Mas OK, a queda na produção de fumaça, principalmente pelos carros (fábricas não tiveram uma queda de produção tão grande) foi mesmo enorme. E essa fumaça tem impactos locais (no caso de Europa e Leste Asiático, "local" é continental) enormes, sem falar no aquecimento global (que infelizmente não foi reduzido pelo trancaço, só parou de crescer). Então, quem será o vírus que deve ser cortado, humanidade ou capitalismo?

Pra início de conversa: a ideia de que, como diria o Agente Smith, o ser humano e o câncer são as únicas formas de vida que se espalham de forma ilimitada está 100% errada. Se espalhar até os próprios limites, e inclusive consumir os recursos locais e morrer, é próprio da vida. Todo ser vivo faz isso. A especificidade da célula do câncer, nesse sentido, é que ela funciona como um ser vivo independente, ao invés de como parte do organismo humano. Não fosse assim, não falaríamos da importância de grandes predadores para o meio ambiente: o exemplo clássico dos bancos escolares, o da floresta em que tirados os lobos os veados comem tudo e morrem de fome, é um pouco forçado, mas claro. Nem humanos nem veados se autorregulam. 

E não, as culturas pré-capitalistas, ou não-ocidentais, também não se autorregulavam. O holocausto da invasão e da varíola nas Américas alterou o clima do planeta, que esfriou devido ao reflorestamento; ora, se as pessoas morrerem levou ao reflorestamento, é que não estava todo mundo numa harmonia edênica. No Oriente Médio, o crescente fértil, berço das primeiras cidades humanas, sofre com desertificação e salinização antropogênicas há mais de três mil anos. Existem leis da Roma republicana e da dinastia Han na China coibindo desmatamento - ou seja, tem lei porque já era um problema. Mais longe ainda no tempo, o aquecimento global antropogênico começa com a cultura do arroz de inundação no sudeste asiático, ainda no neolítico, que inclusive impediu uma era do gelo. Mais longe ainda, seres humanos contribuíram - o quão decisivamente ainda é motivo de debate - para a extinção da megafauna holártica e neotropical (do norte global e da América do Sul). 

O problema entrou em outro nível com a revolução industrial, essa gêmea xifópaga do capitalismo?
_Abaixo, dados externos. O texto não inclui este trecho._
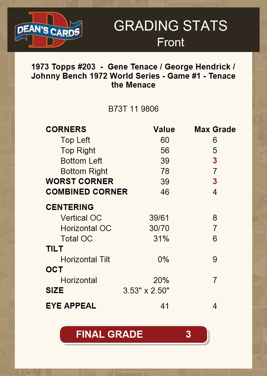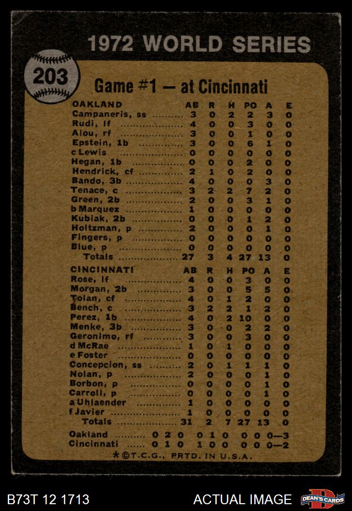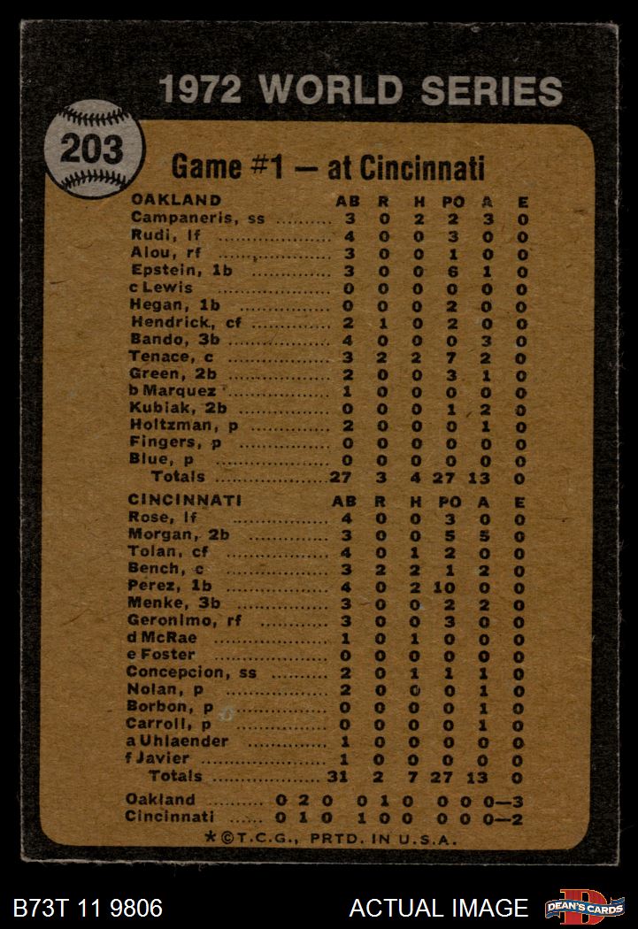 1973 Topps #203 - Gene Tenace / George Hendrick / Johnny Bench 1972 World Series - Game #1 - Tenace the Menace 3 - VG
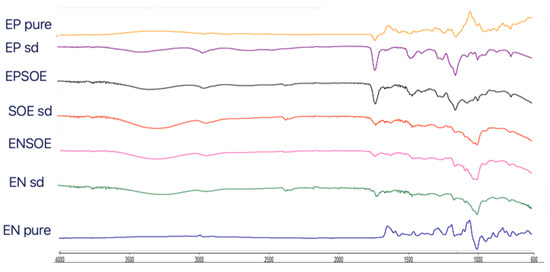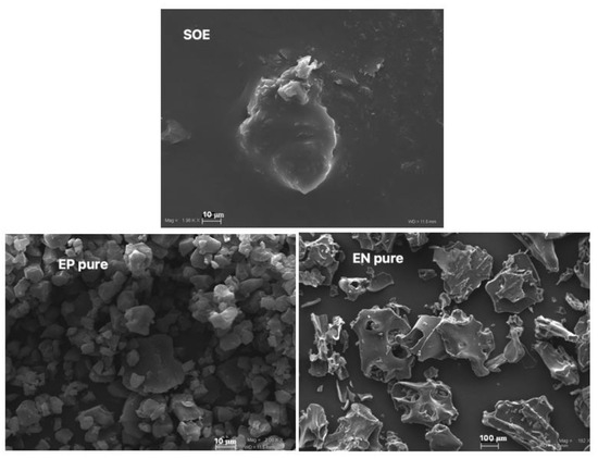 3.2.1. Characteristics of Spray-Dried SOE (SOE sd) and Blank Microparticles (EN sd and EP sd) with Respect to Raw Materials

Sem dúvida. O que define a revolução industrial, afinal de contas, é o uso dos combustíveis fósseis para multiplicar a energia disponível para o trabalho, e com isso o carbono sequestrado pelas plantas e algas por milhões de anos começou a ser liberado em escala maciça. Pior: na segunda revolução industrial, a do automóvel, isso passou a ser feito menos para solucionar problemas práticos do que para alimentar uma engrenagem de status e poder cada vez mais bizantina e cada vez mais faminta de recursos, do próprio automóvel ao eletrônico com "obsolescência programada" à compra na Amazon como terapia, ao bitcoin, cuja melhor descrição é "imagina se você deixar o carro ligado o dia inteiro pudesse gerar sudokus completos pra trocar por cocaína." 

A situação é claramente inviável. O mais próximo que se pode chegar de um consenso científico hoje é que temos anos, e não décadas, para frear a catástrofe climática, e o capitalismo em sua espiral centrífuga é um obstáculo. Mas o que quero pontuar é que ele não é uma queda do paraíso. Não houve o mundo edênico pré-capitalista, não houve a sociedade autorregulada, e nem a natureza não-humana é autorregulada. O que precisamos não é voltar ao passado, é criar algo novo.